* [Provided data]:

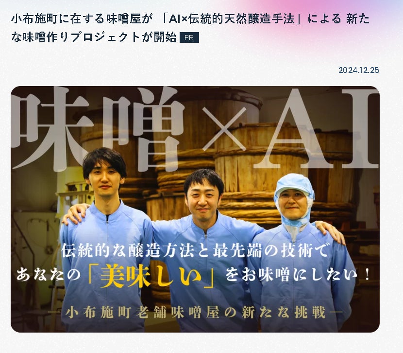 小布施町に在する味噌屋が 「AI×伝統的天然醸造手法」による 新たな味噌作りプロジェクトが開始
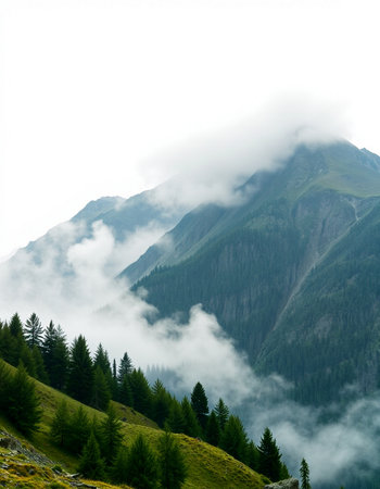 Explore the breathtaking scenery of a majestic mountain range, enveloped by lush forests and dramatic clouds in a tranquil natural setting perfect for outdoor adventures.
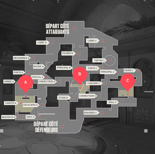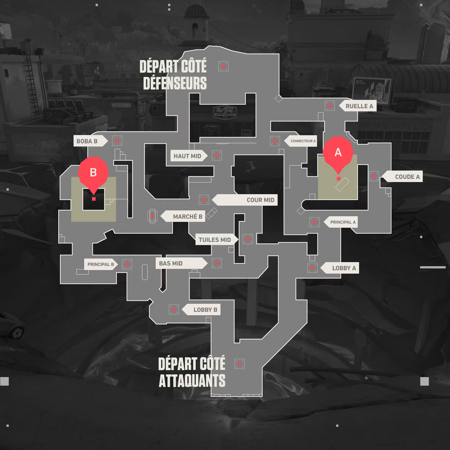 Ancien château français transformé en mine de sel de Radianite. C'est une carte classique à trois voies, avec des combats dans les rues médiévales et autour de l'équipement minier.
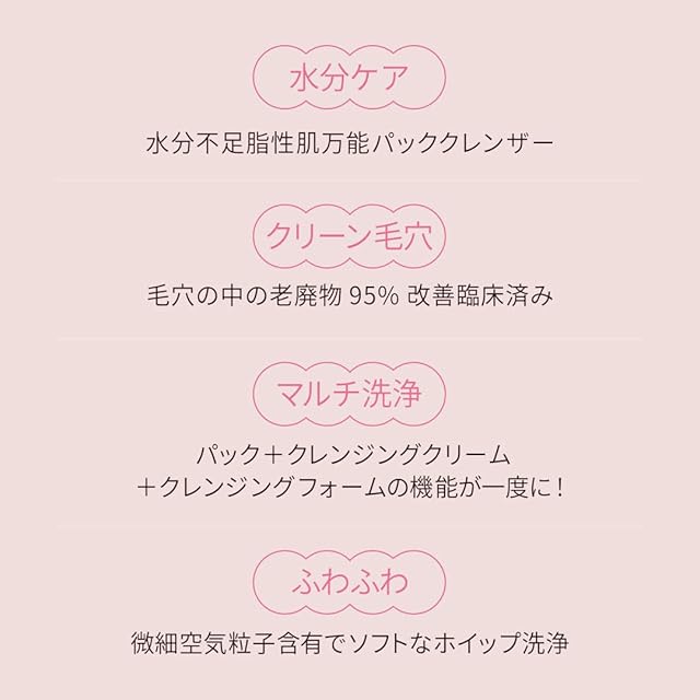 5万回かき混ぜて誕生した、水分レシピ、水分しっかりパックケアからディープクレンジングまでできるソフトなホイップクリームクレンザー

* [What needs to be done]:
Nothing but the lines from the one containing "Ancien château français" through the last line of the material may appear in the answer, transcribed exactly and with no pictures.

* [Solution for this task]:
 Ancien château français transformé en mine de sel de Radianite. C'est une carte classique à trois voies, avec des combats dans les rues médiévales et autour de l'équipement minier.
 5万回かき混ぜて誕生した、水分レシピ、水分しっかりパックケアからディープクレンジングまでできるソフトなホイップクリームクレンザー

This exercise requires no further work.